EVERY MONTH SHOULD BE A MEMBERSHIP MONTH FOR ROTARY

THE METAMORPHOSIS
By
ERNIE D. DELFIN
Member, Newport Irvine Rotary Club


EVERY MONTH SHOULD BE A MEMBERSHIP DRIVE MONTH


“Ask not what your country can do for you, ask what you can do for your country!”

---- Pres. John Fitzgerald Kennedy

I was in my youth just starting high school, after 6 years of elementary education, in the Philippines when President Kennedy was assassinated and although were 10,000 miles away we were also shocked and saddened by his untimely demise that fateful November 21, 1963. I remember that we were glued to the transistor radio (we did not have a TV at home yet) and a lot of us shed tears as he was also our idol. Now 43 years later, I am still inspired by his inaugural speech, his vision like his dream of sending a man on the moon, and his idealism and his dream of a better America and a more peace world.

In Rotary International, we also dream lofty dreams to have a better and more peaceful world. Yes, true Rotarians do not ask what their club can do for them, but they ask what they can do for their Club. The 100 year history of Rotary International is replete with stories of selfless individuals who contributed their thinking, time, talents and treasures (4 T’s in philanthropy) and we Rotarians should emulate those many “silent heroes” in the Rotary World.

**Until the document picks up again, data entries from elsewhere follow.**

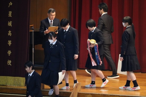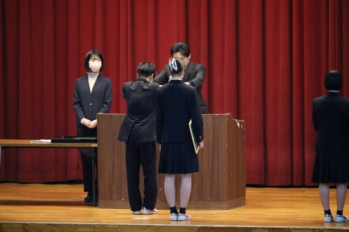 始業式の後には、表彰伝達式を行い、各クラブ活動や分野で努力を重ね成果を収めた生徒たちにトロフィーや賞状が授与されました。生徒一人ひとりが新たな目標を胸に、3学期をスタートさせていきましょう。
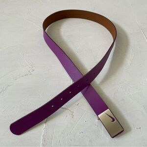 Stylish purple belt featuring a silver buckle with Nike logo. Perfect for adding a pop of color to any outfit.
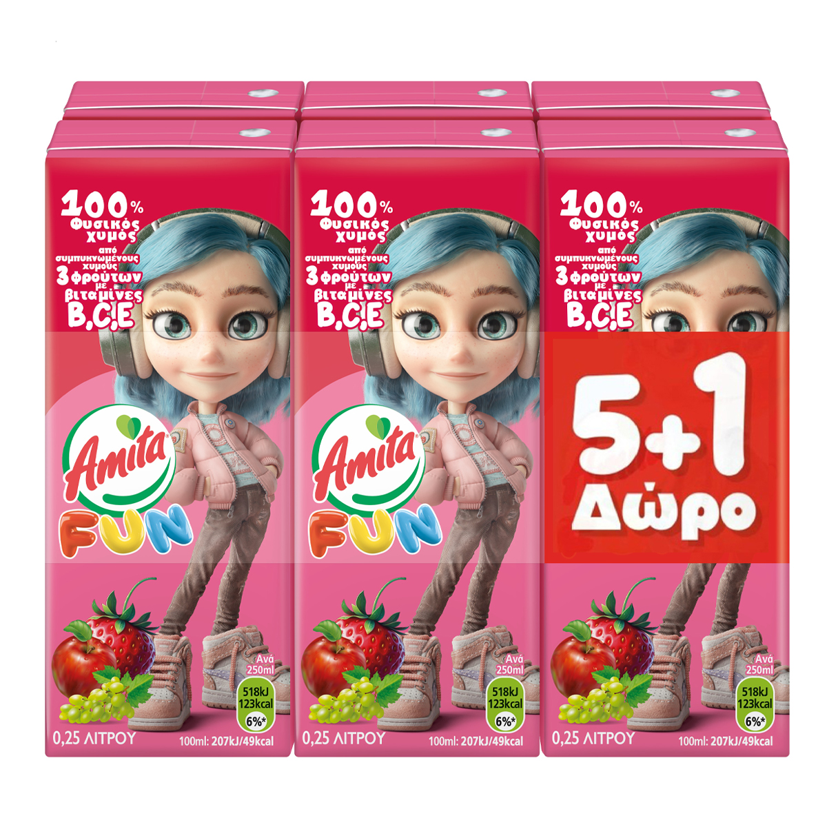 Amita Fun Φρουτοποτό Φράουλα Σταφύλι Μήλο 5 x 250 ml + 1 x 250 ml Δώρο
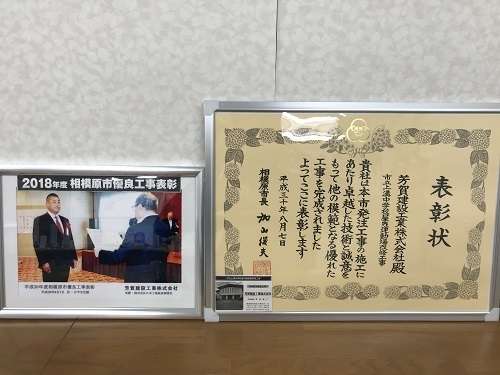 先日、<相模原市優良工事表彰>で頂いた賞状も飾りました!
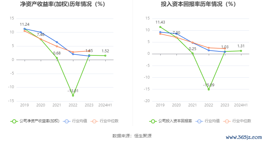 数据显示,2024年上半年公司加权平均净资产收益率为1.52%,较上年同期增长0.64个百分点;公司2024年上半年投入资本回报率为1.31%,较上年同期增长0.90个百分点。
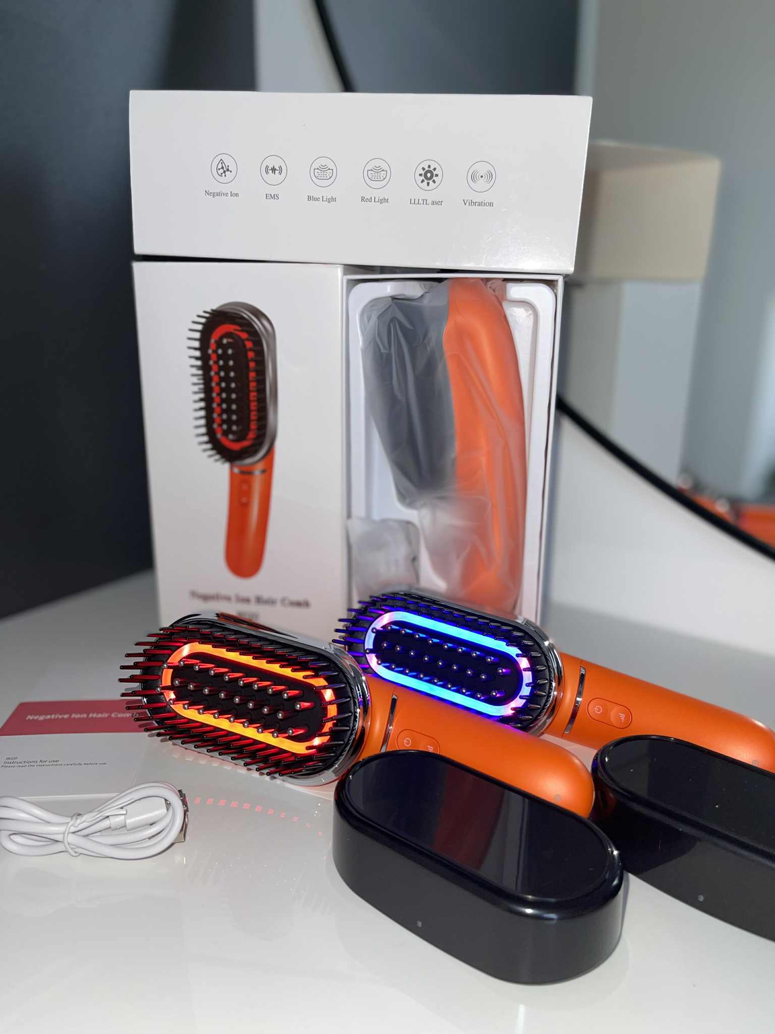 Šis daugiafunkcis prietaisas sujungia pažangiausias technologijas: jonizavimą, EMS mikrosroves, mėlyną ir raudoną LED šviesą, vibraciją ir LLLT lazerį – visa tai viename ergonomiškame ir stilingame įrenginyje!
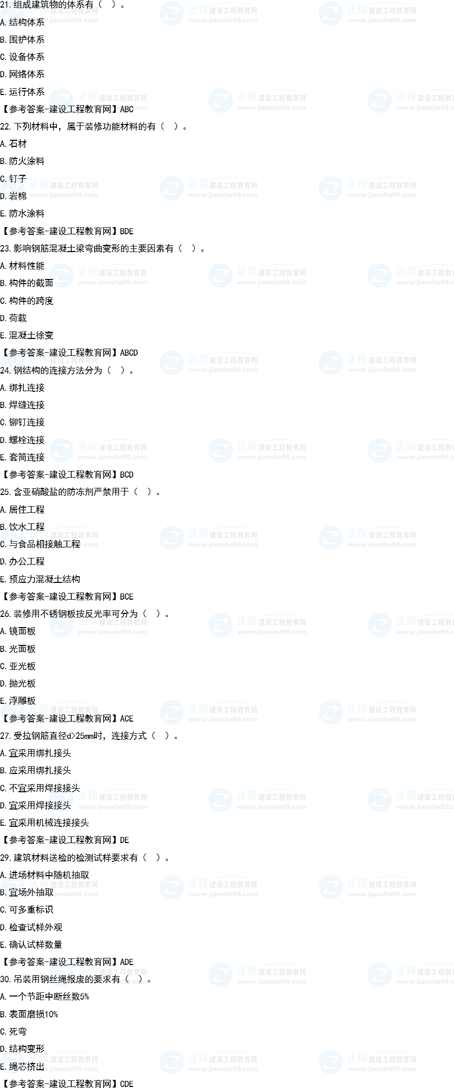 2022年一級建造師補(bǔ)考建筑工程試題及答案解析21-30題。建設(shè)工程教育網(wǎng)考后將會根據(jù)學(xué)員反饋,及時匯總2022年一級建造師補(bǔ)考建筑工程試題及答案解析分享給大家,并且會及時做出一級建造師答案解析,希望能為廣大一建考生朋友帶來幫助。
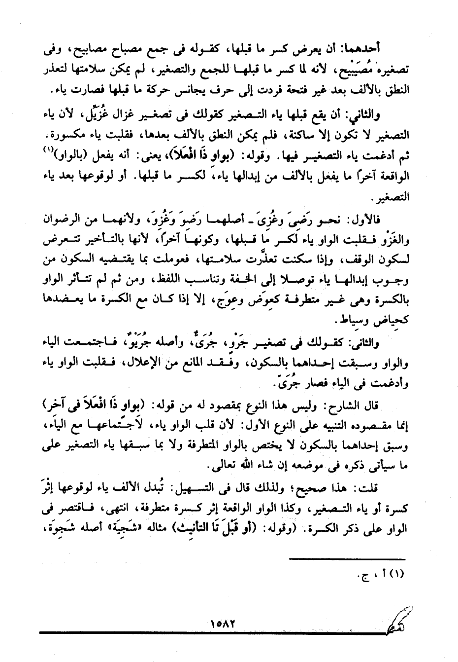 قال الشارح: وليس هذا النوع بمقصود له في قوله: "بواو ذا افعلا في آخر" إنما مقصوده التنبيه على النوع الأول؛ لأن قلب الواو ياء، لاجتماعها مع الياء، وسبق إحداهما بالسكون لا يختص بالواو المتطرفة ولا بما سبقها ياء التصغير على ما سيأتي ذكره في موضعه إن شاء الله تعالى.
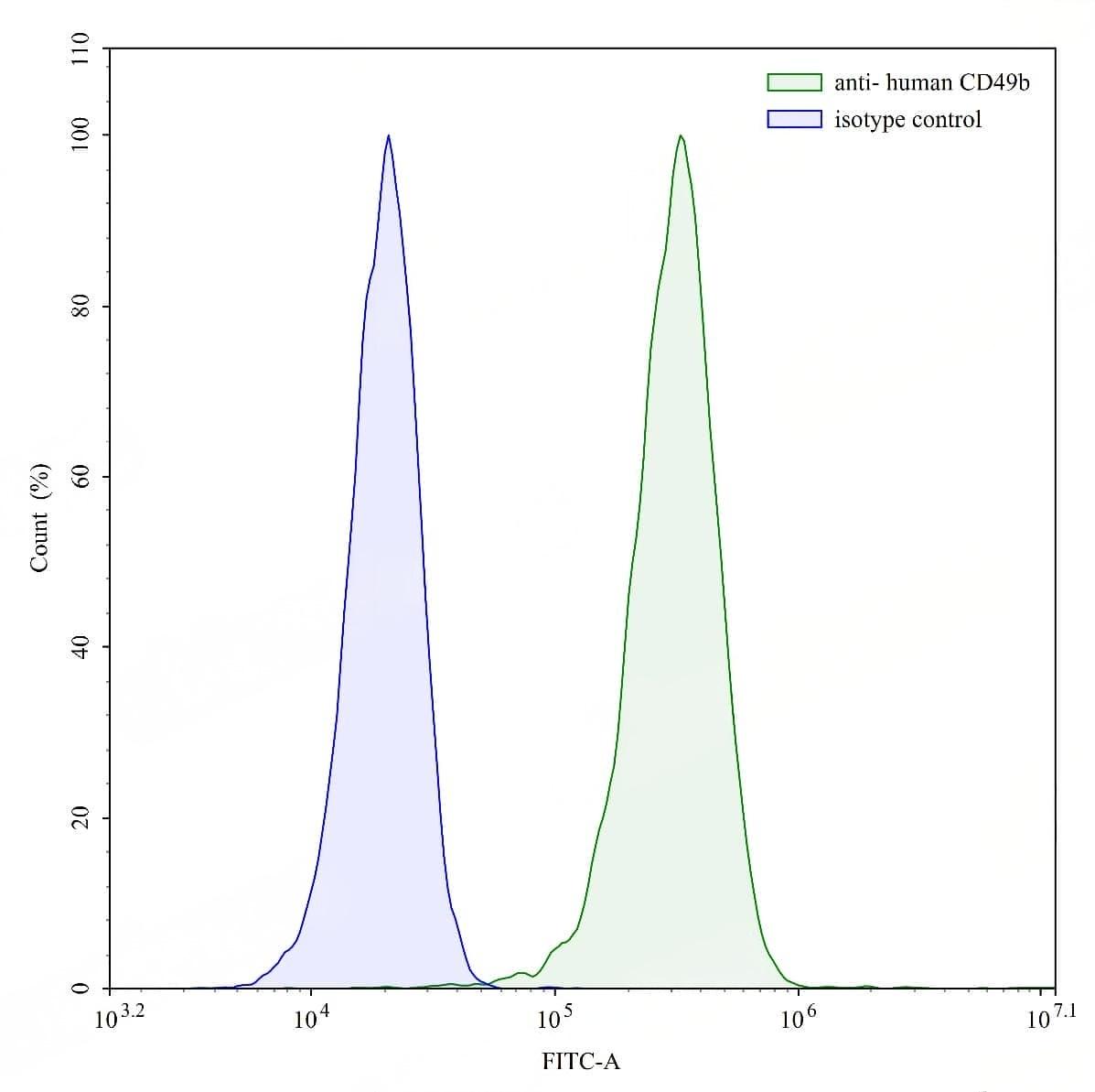 Flow-cytometry using anti-human CD49b antibody.293T cells were stained with an irrelevant antibody (Blue Histogram) or an anti-human CD49b antibody monoclonal antibody (Catalog No.:TD-HB772107 ,Green Histogram) at a concentration of 5 µg/ml for 30 mins at RT. After washing, bound antibody was detected using a FITC conjugated goat anti-mouse antibody (Catalog No.:TD-MF690414) and cells analysed on a NovoCyte Flow Cytometer. | Flow-cytometry using anti-human CD49b antibody.HaCaT cells were stained with an irrelevant antibody (Blue Histogram) or an anti-human CD49b antibody monoclonal antibody (Catalog No.:TD-HB772107 ,Green Histogram) at a concentration of 5 µg/ml for 30 mins at RT. After washing, bound antibody was detected using a FITC conjugated goat anti-mouse antibody (Catalog No.:TD-MF690414) and cells analysed on a NovoCyte Flow Cytometer. | Flow-cytometry using anti-human CD49b antibody.HUVEC cells were stained with an irrelevant antibody (Blue Histogram) or an anti-human CD49b antibody monoclonal antibody (Catalog No.:TD-HB772107 ,Green Histogram) at a concentration of 5 µg/ml for 30 mins at RT. After washing, bound antibody was detected using a FITC conjugated goat anti-mouse antibody (Catalog No.:TD-MF690414) and cells analysed on a NovoCyte Flow Cytometer. | Flow-cytometry using anti-human CD49b antibody.A431 cells were stained with an irrelevant antibody (Blue Histogram) or an anti-human CD49b antibody monoclonal antibody (Catalog No.:TD-HB772107 ,Green Histogram) at a concentration of 5 µg/ml for 30 mins at RT. After washing, bound antibody was detected using a FITC conjugated goat anti-mouse antibody (Catalog No.:TD-MF690414) and cells analysed on a NovoCyte Flow Cytometer.
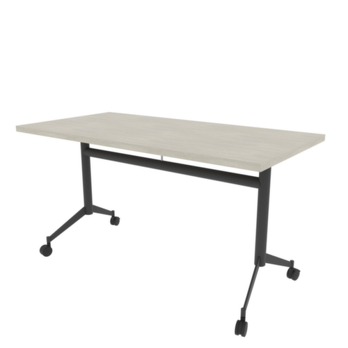 Lorsqu'il n'est pas utilisé, le panneau de table peut être basculé à 90° à l'aide de la poignée-barre et rangé. forme de panneau angulaire. piètement en T en métal avec revêtement poudre époxy en gris foncé. tube ovale. 4 roulettes sous le châssis assurent la mobilité nécessaire au quotidien. panneau en Panneau dérivé du bois avec revêtement mélaminé résistant à l'abrasion et à l'humidité finition béton. épaisseur de panneau 30 mm. Une bande de chant ABS résistant aux chocs protège tous les bords de fissures et d'éclatements inesthétiques. équipé de système à crochets et de verrouillage pour la liaison frontale et latérale de panneaux de table.
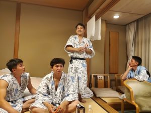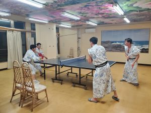 卓球を楽しんだ後は部屋で実習生の卒業送別会です🍻
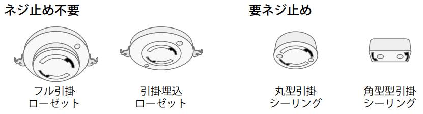 ※丸型、角型シーリングの天井に取り付ける場合、天井へのネジ止めが必要です。(下図参照)
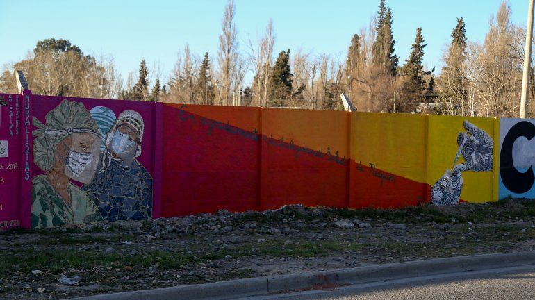 Un nuevo homenaje a las y los trabajadores de salud realizaron seis artistas plásticas neuquinas en uno de los muros de la ciudad. Las imágenes presentan a trabajadores de salud y unas manos con una jeringa (que simboliza la vacunación contra el COVID) y fueron elaboradas por las integrantes de la Colectiva de Mujeres Muralistas (COMUM) de Neuquén.
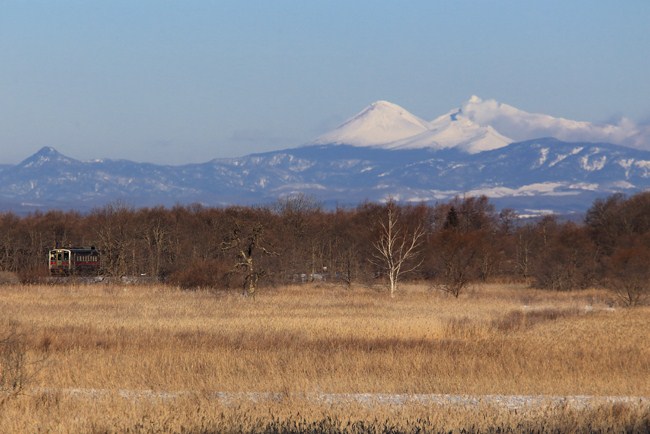 釧網本線を撮りながら北上します。雌阿寒岳が見通せる遠矢の神社あたりで、上り列車。このときの気温がマイナス16度。滞在中最低気温でした。
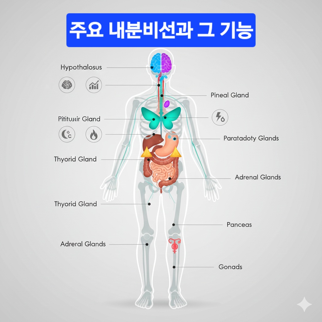 우리 몸의 내분비계는 호르몬을 분비하여 신체 기능을 조절하는 중요한 시스템입니다. 다음은 주요 내분비선과 그 역할에 대한 설명입니다.
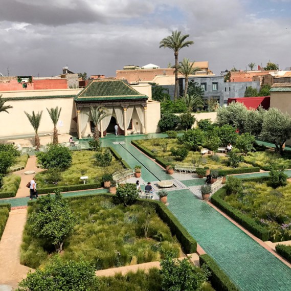 By contrast there were many places to relax whether the Riad’s  roof terrace & a quick dip in the small pool, in a local cafe or the gardens, hidden behind the ancient stone  walls of the Red City. Aziz recommended Le Jardin Secret (Secret Garden), a mid 19th Century palace with both exotic & traditional Islamic botanical gardens. It opened last year after restoration by an award winning British garden designer, a team of Italian architects and expert local builders.
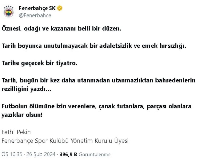 Sarı lacivertli kulübün yönetim kurulu üyesi Fethi Pekin, kulübün sosyal medya hesabından yaptığı açıklamalarda şu ifadelere yer verdi:
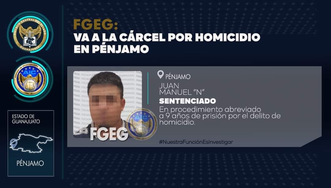 Pénjamo, Guanajuato.- JUAN MANUEL “N“, fue sentenciado a prisión por el asesinato de un hombre que se encontraba en un campo deportivo; la Unidad de Homicidios acreditó su responsabilidad, le fincó cargos por el crimen cometido, y ante las pruebas se declaró culpable de haber asesinado a Víctor “N” el 16 de mayo del 2021, en la ciudad de Pénjamo.
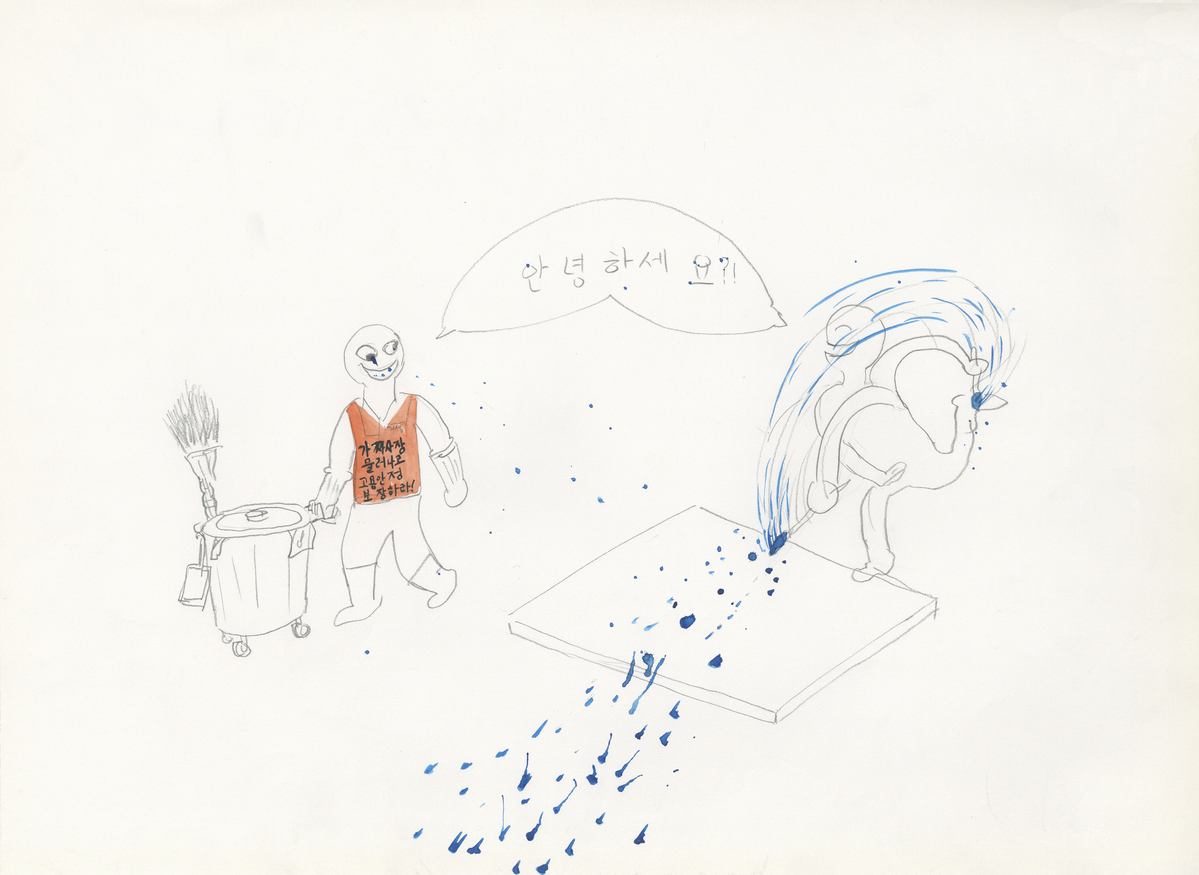 108-2013-투쟁중인 미화 여사님들과 학생들(회화실) water color on paper 29.7 x 42
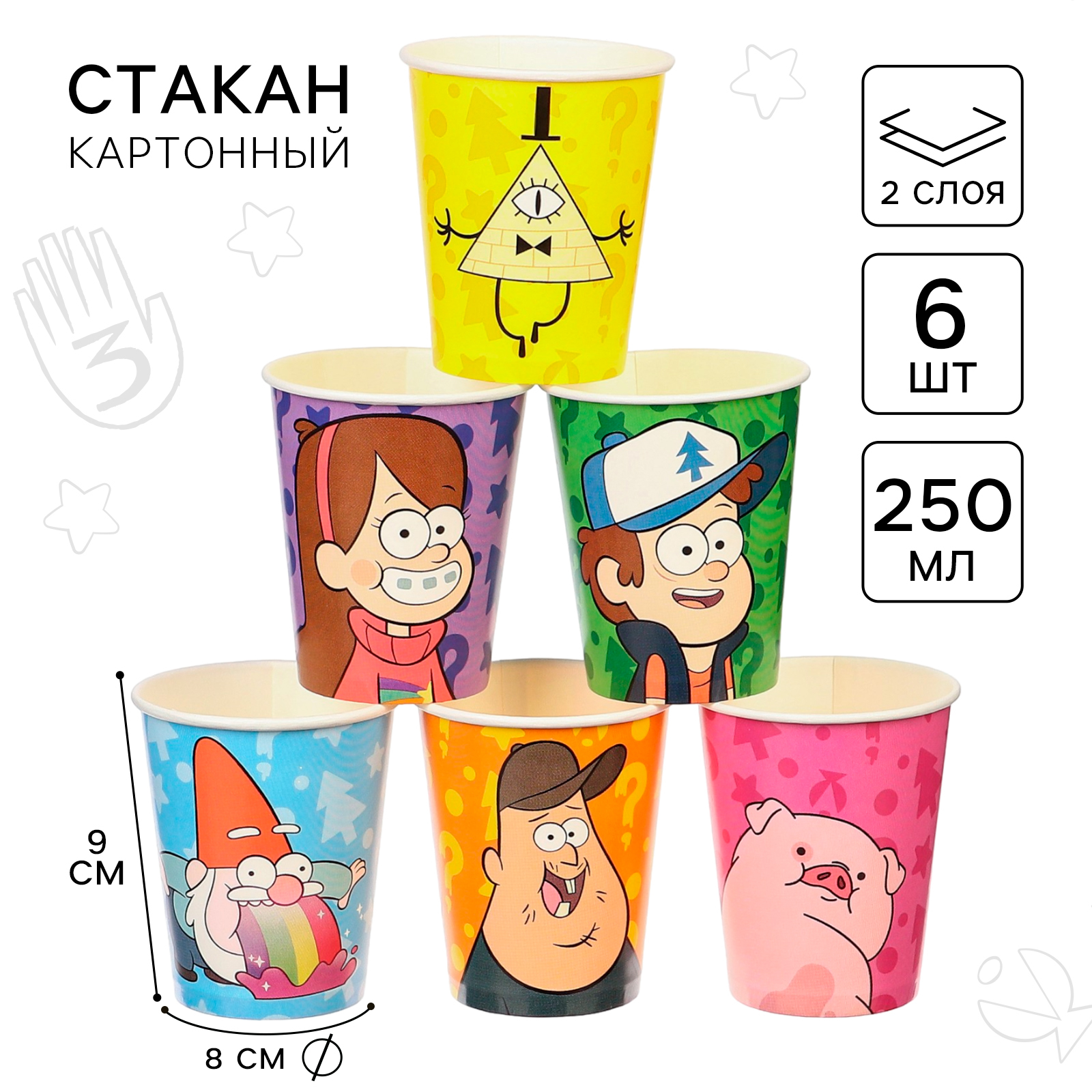 Стакан бумажный "с днем рождения!", 250 мл, 6 штук, гравити фолз

It still amazes me that to this day, however, that many professionals and business people in our local communities still do not know what Rotary is all about. For example a prominent business leader in our Orange County Presidents Council (a coalition of 25 minority chambers of Commerce and NGOs) publicly joked during a press conference that he thought before I invited him to join the Westminster Global City Rotary Club that Rotary is just a “group of old white people” who go to lunch together and get fined for singing out of tune! Yes, our “reputation” is still not that good in many communities! Perceptions in the mind is reality, hence I personally cannot fault him, but Rotarians around him.

But I dare say that once these kinds of good people are exposed and engaged in the empowering and humanitarian work that Rotarians do, they will become our best advertisers for Rotary.

Every month should be a Membership and New Generations Month where we Rotarians must continue to invite, involve other equally altruistic citizens in our neighborhood to join Rotary.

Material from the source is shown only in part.